You’re bruised and can’t find relief. He is present enough to inflict sores but, amply absent to make sure you have adequate time to scream, cry, writhe and wriggle in pain… alone.
You can hardly find help whilst under him—he leaves you thirsty and cuts off all sources of water; help. That is the thing with an Absentee father!
Being 13, with no man to call Daddy is hell. He’s also absent on ‘Bring your dad to school’ days, on birthdays, to tie your shoelaces, knot your ties, help you study, for Father & child sack race, for spelling bee, for math competitions, on graduation ceremonies, to watch TV shows together, have the man-man talk or eat dinner like normal families. Never.
So, you try to give more love. You make him bracelets, buy him handmade cards, try to make a framed painting of him but he destroys them all. He’d rather have you study math than draw and paint.
Now, you’re in search of love, validation, acceptance, anything that would make you feel noticed. You just want this feeling of hurt to go but it’s deeper. High school students have no chill. They acknowledge your brilliance but are also determined to ruin all that’s left of your esteem. Sad thing is, you allow them. The one who should encourage you and to make you better did not even cast a single glance at your schoolwork. Parents make prayers that their wards take after you but you mumble incoherent words under your breath. The one who should say all these, see you for who you are is blind-eyed.
So, every passing day, you pray to whichever god exists, that it be his last day. His last breath, because, better dead than absent. But, it never happened. The Supreme one daily squanders your fervour. Isn’t that why he’s called Father?
At 22, you move out of the house. With your monthly income, you get a flat in Yaba. You want to prove so hard to Daddy that you’re not stupid or careless but independent in its real sense. You think he will feel foolish for not being available. But no one ever told you that it comes with its own baggage.
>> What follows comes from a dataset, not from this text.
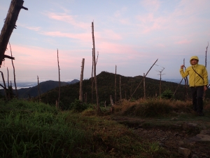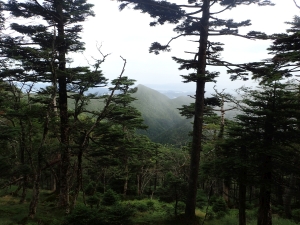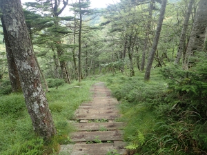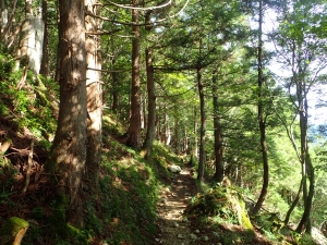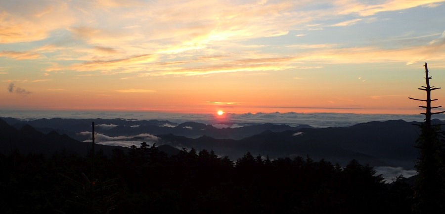 | 前ページからの続き 昨夜は雨が降っていたが、午前3時くらいには満天の星を見ることができた。 午前4時20分、ぐっすりと寝れたようで朝焼けを見てご来光を拝もうと起きることにした。 弥山頂上でしばらく待つと小さく丸い太陽が出てきた。両手を合わせ感謝の気持ちを伝えるのである。何しろ太陽があっての地球だから。 朝食も一人で食べる。管理人さんには何だか申し訳なく思う。 弥山小屋にお別れを告げ、下山開始である。と言っても今日の道のりはかなり長い。 さっきまで空は雲がなかったが、いつのまにかガスで覆われてきた。 長い木の階段は濡れていて滑りやすいので慎重に歩く。反対から若い登山者が歩いてきた。きっと狼平小屋で一泊したのであろう。この辺りはオオヤマレンゲの群生地らしいが、どれがその木なのかわからない。 狼平小屋はとてもきれいだ。ロフトもあるので狭いが結構寝れそうである。 鉄の吊り橋を渡り、上り道を歩く。平坦になってレンゲ道との合流点に出たので少し、探索がてらに寄り道をする。 再び、縦走路を歩き栃尾辻に着く。ここから坪内へ降りて温泉に入ろうと思ったが、通行禁止になっているのでそのまま天川川合へと下山する。 尾根は細くなり遭難碑を見ると林道に出る。すぐに登山道に入り、杉林の尾根をどんどん高度を落とす。 民家に出るとそこが登山口のようだ。特に派手な標識はもちろんない。 吊り橋を渡り、観光案内所に到着。トイレを借りて着替をする。 温泉に入れなかったのがとても残念だ。 ちょうど良いタイミングでバスが来たので乗車し、下市口駅で降りてコンビニでビールを買い、駅に行くとちょうど特急電車が来たので乗り込む。何と時間の無駄がない。 新大阪で遅い昼食をとり、無事帰宅。 少々寂しいかったが、静かで自然を満喫できた山行だった。今回も自然に山にそして地元の人に感謝!! ■コースタイム 初日: 行者還トンネル西口-(60分)-奥駈道出合-(55分)-聖宝理源大師の像-(50分)-弥山小屋-(25分)-八経ケ岳-(25分)-弥山小屋※休憩時間含まず。全行程で約4.5時間でした。距離6.5km標高差869m 二日目: 弥山小屋-(60分)-狼平-(20分)-高崎横手出合-(50分)-金引橋分岐-(30分)-栃尾辻-(40分)- 林道-(75分)-民家-(6分)-天川川合 ※休憩時間は含まず.全行程で約6時間。距離13.1km 標高差1280m |

The void you feel when you watch Family TV series is beyond words, reality hits you that you never experienced such. In a quest to heal the scar, to fill the void, you resort to things – sex, drugs, drinks, friends. It didn’t take long to realize that effect was temporal. So, you stop.
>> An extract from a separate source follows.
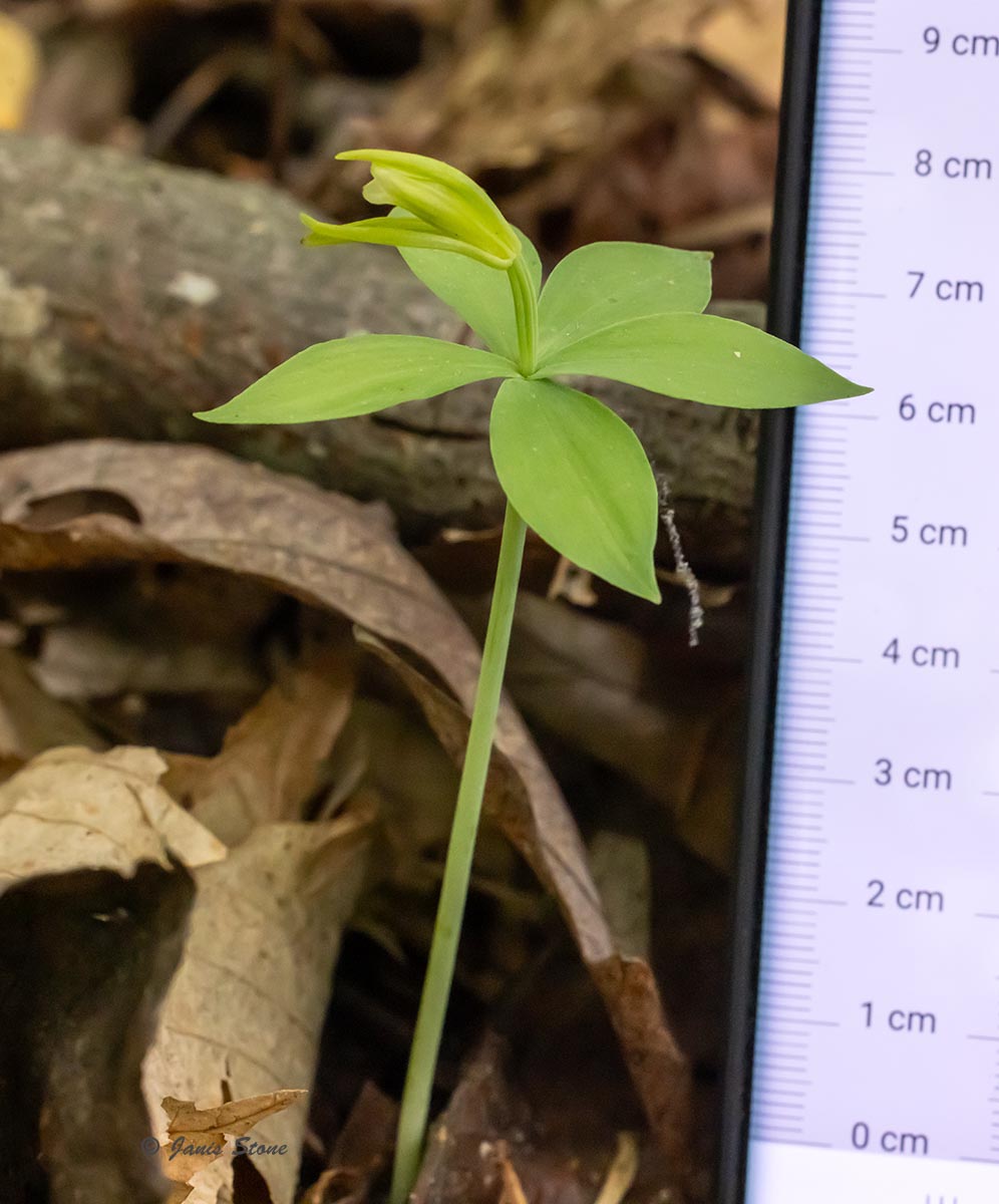 It is also similar to the Large Whorled Pogonia (Isotria verticillata) (in the same genus). The Small Whorled Pogonia lower part of its stem is pale green (not purplish) and is generally shorter (up to 25 cm high); many specimens are only 10-15 cm tall. The two species are most easily differentiated when in bloom. The Small Whorled Pogonia flower's sepals are green, not brownish, and the flower pedicel is shorter (at most 3 cm).

You’re numb and can’t love. But it’s not even you. It’s Father. In his silence, he taught you how not to love.
You now realize how much you’ve achieved. You’ve been on every magazine listicle – home and abroad. You’ve tried severally to be good, to be accepted, to be validated. Your package is suave – selfies in the finest of places and with the brightest of smiles – that no one cares to notice the underlying heartaches and loneliness. Your heart longs for home, not the building but the feel of being home. But, Daddy still won’t budge! He won’t apologize for the lifetime of pain he caused you.
You got where you are now completely by yourself. No help, no guidance. No Daddy.
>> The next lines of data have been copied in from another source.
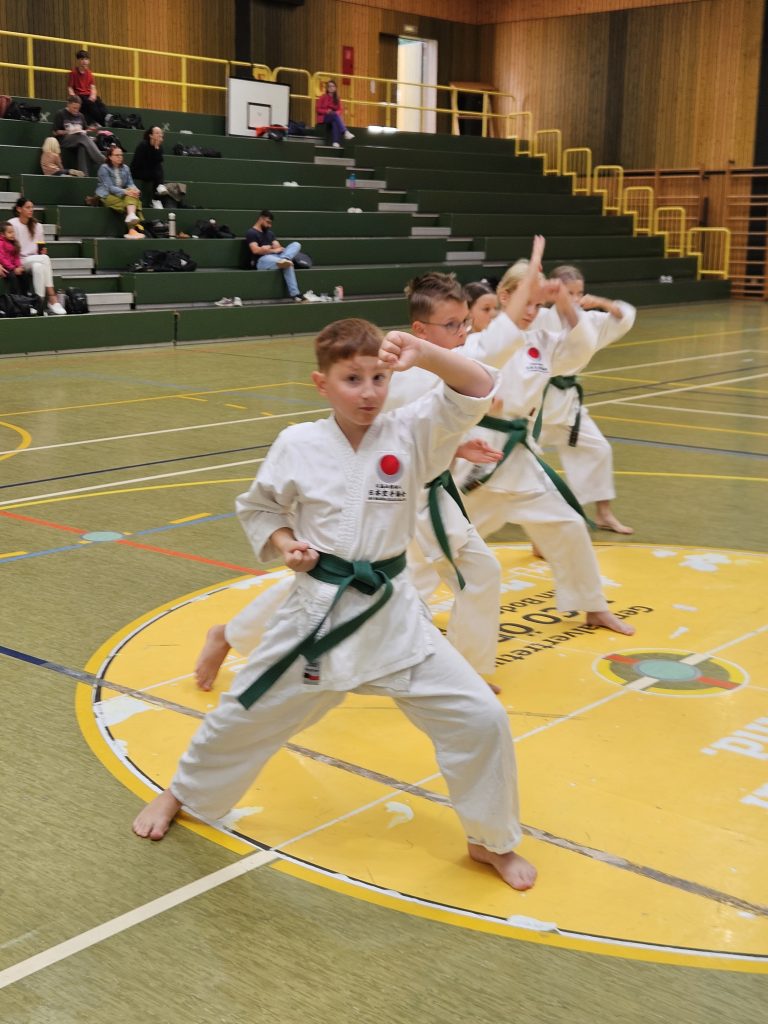 Der Samstag begann mit Kindertraining, gefolgt von intensiven Einheiten für höher graduierte Karateka. Auf dem Programm standen unter anderem Kihon, Krafttraining, Gewichtsverlagerung, Hüftrotation, Schnelligkeit sowie im großen Training, die Kata (Abfolge bestimmter Techniken und Bewegungen) Bassai Dai.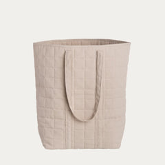 Tyylikäs tikattu kangaskori soveltuu esimerkiksi vierastyynyjen, vilttien ja peittojen säilyttämiseen ja järjestyksen ylläpitoon. Pitkien kantohihnojen ansiosta koria on myös helppo kantaa, joten siirtäminen paikasta toiseen on vaivatonta. Kantohihnojen pituus 74 cm. Väri vaalea beige. Koko 36 x 23 x 52 cm. Materiaali 100 % polyesteri. Pintapesu kostealla liinalla.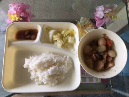 関東煮、はくさいの甘酢あえ、とら豆の煮ものです。

But, you want purpose, you want a deeper meaning, you want life, you want to love and you want to be loved. Your search for what exactly you did wrong provides no results.
Today, you write your will and sign off your properties to the fatherless children, you realize how empty you still feel without his love. Daddy could have been there. He could have loved you, but he chose not to love. He made a choice – to be an absentee Father.
This is for you, Absentee Father – Your child misses the father that you never were.